Toute une partie de la famille Gadan, d'origine paysanne, part en Algérie
pour y chercher une vie meilleure et le jeune peintre, alors âgé
de vingt-sept ans, séjourne à Marseille dans l'attente de
l'embarquement, avec ses parents, son frère Charles, son épouse
et son premier fils Charles, qui y naît en novembre 1880. Ce premier
garçon décède à Bône
en 1882, un autre fils également prénommé Charles
y vient au monde en janvier 1883, mais meurt à son tour au mois
d'octobre suivant.

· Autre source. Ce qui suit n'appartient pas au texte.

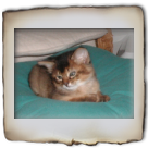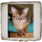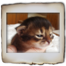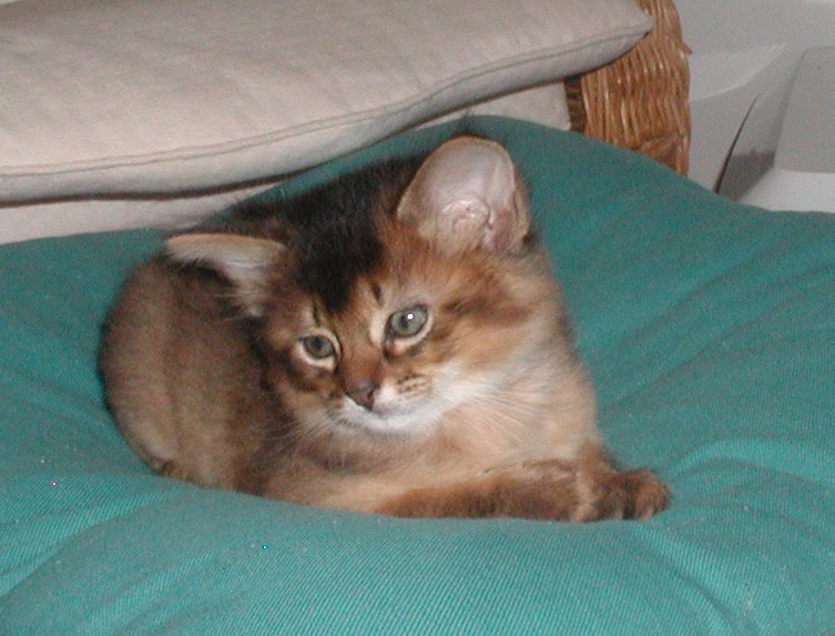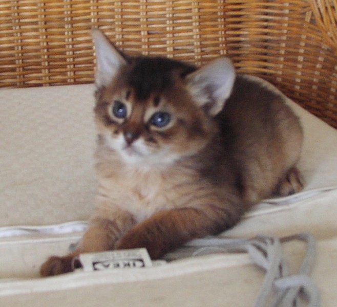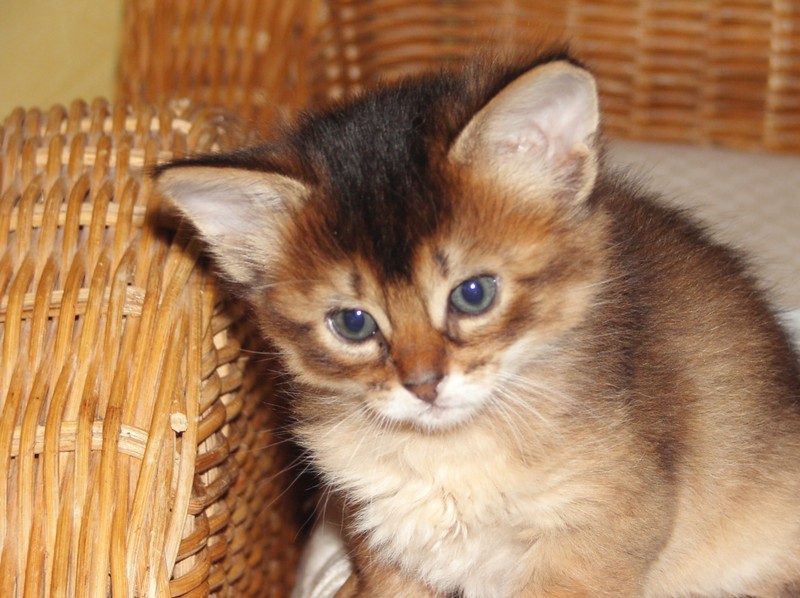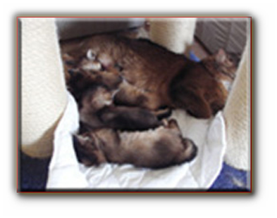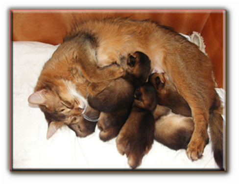 Aileen hatte es Gott sei Dank nicht eilig die Babys aus der Wurfkiste zu holen. Ich glaube, sie hat geahnt, dass es stressig wird, wenn sie die Gegend unsicher machen. Chelsea hat nach vier Wochen mal neugierig über den Rand der Kiste gelugt, der zugegebenermaßen recht hoch ist, und fand es ab sofort grottenlangweilig in der Kiste. Sie mühte sich nicht lange und war dann, unter den wachsamen Augen von Mama Aileen, über den Rand geklettert. Kaum war Chelsea draußen, lugten 5 Somaliköpfchen mit empörten Blicken über den Rand und Chinook stimmte ein Geschrei an: "Ich will auch, ich will auch!" Chandro mühte sich dann aus Leibeskräften, um ebenfalls über den Rand zu kommen....und schaffte es auch. Bei allen anderen hab ich den Verdacht, dass Aileen sie dann rausgeholt hat, denn das hab ich nicht mitbekommen, weil ich zwischenzeitlich das Zimmer verlassen hatte und als ich dann zurück war, wuselten alle Sechse durch die Gegend und Mama Aileen gurrend hinterher. Das Lager hat sie dann für ihre Kleinen unterm Kratzbaum aufgeschlagen. Schlaue Aileen, so lernen die Kleinen schnell, wofür ein Kratzbaum gut ist.
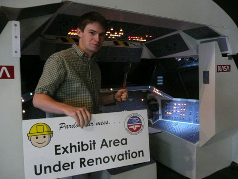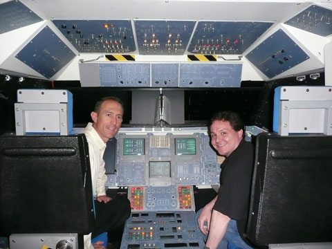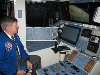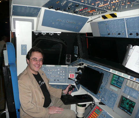 Andy Chaikin tries his hand at the Shuttle Simulator... |

Deux filles survivront, Jeanne née en 1884,
et Marie-Louise née en 1887.
La réussite couronnera Antoine, comme on va le voir, mais aussi
son frère Charles qui dirigea longtemps les caves du domaine de
Guébar et qui devint propriétaire de la ferme du comte de
Sonis au fort Gênois, une vieille habitation rurale qu'il orna de
détails d'architecture mauresque pour en faire " l'élégante
demeure qui s'abrite aujourd'hui sous des palmiers et des pins pour regarder
orgueilleusement la mer ", ainsi que le raconte Louis Arnaud dans
son ouvrage sur Bône (Bône,
son histoire, ses histoires, Constantine, Imprimerie Damrémont,
1957, p. 214-215.).
Le même auteur, qui consacre plusieurs pages d'hommage au peintre,
le décrit installé " dans une petite rue du faubourg,
parallèle à l'avenue Célestin Bourgoin, à
peu près exactement derrière l'église Sainte Anne
(La rue de la Liberté, précise
plus loin Louis Arnaud.). La maison, simple comme lui, était
presque enfouie dans la verdure et les fleurs, et son atelier était
sans le moindre apparat, au bout du jardin touffu ". Cette simplicité
se vérifie dans les trois photos qui représentent cette
" gloire de Bône " vêtu de façon rustique
et coiffé d'une casquette de paysan, dans son atelier comme dans
son jardin. L'homme était " modeste et bon ", d'un commerce
aimable et facile, toutes qualités humaines qui, jointes à
la séduction de son art, lui attirèrent les faveurs des
critiques artistiques et le soutien d'artistes importants.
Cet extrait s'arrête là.